Alvaro Herrera <alvherre@atentus.com> writes:
> Now I'm thinking about concurrency: suppose table A and B have
> indisclustered set on indexes ind_a and ind_b respectively. The
> user fires a CLUSTER without arguments; the backend will begin
> clustering table A on ind_a.
> Now, while this is going on, the user fires a CLUSTER on table B on
> index ind_b_2, on a separate session. This table is shorter than table
> A and finishes first.
> When the first cluster finishes clustering table A, it will start
> clustering table B on ind_b. ...
> So the info saved about table B is old and overrides the new
> cluster that the user has done on another session.
You must acquire exclusive lock on a table before you even look to
see if it has a clusterable index, I think.

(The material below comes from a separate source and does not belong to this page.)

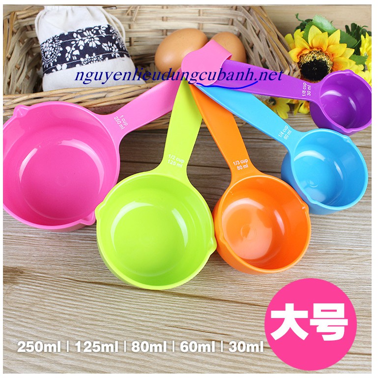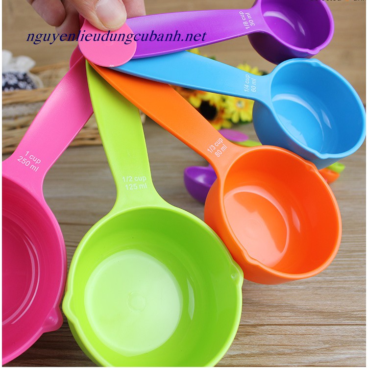 Bộ 5 muỗng đong nhựa sắc màuBộ muỗng đong 5 cup.
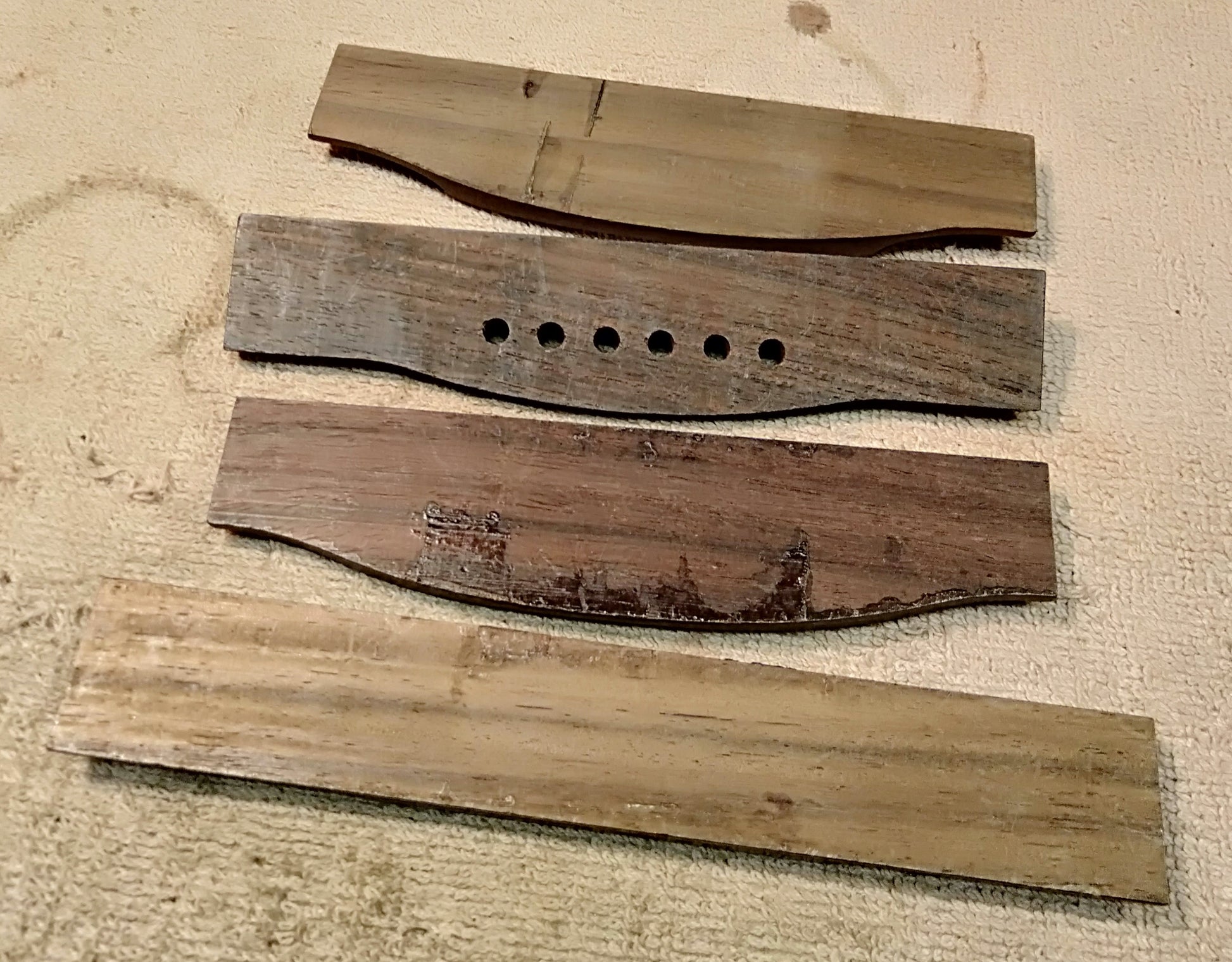 4 acoustic guitar bridges. 3 NOS. Unknown brands. Price is for all 4.

Otherwise there's too
much risk of the state changing underneath you.
The bigger problem with implementing CLUSTER ALL this way is that it's
going to try to get exclusive lock on a large number of tables, which
is going to lead to very high risk of deadlock --- even if other
transactions are not doing CLUSTERs, but only ordinary table accesses.
I think the only practical way to do CLUSTER ALL (or REINDEX ALL for
that matter) is to make it work the way VACUUM does: run a separate
transaction for each table to be processed. In this way you can
release the lock on each table as you finish with it, and avoid
deadlock problems.
If you study the VACUUM code you will also notice that it is prepared
for tables to "go away" before it reaches them; CLUSTER ALL will have
the same issue, along with the issue about clustering status changing.
So what you need is something like:
* make preliminary list of things to cluster
* END starting transaction
* for each item in list:
START new transaction
Attempt to open and exclusive-lock target table
If successful, *and* index still is the clustered index, CLUSTER
END transaction
* START closing transaction so that we return with an open transaction
regards, tom lane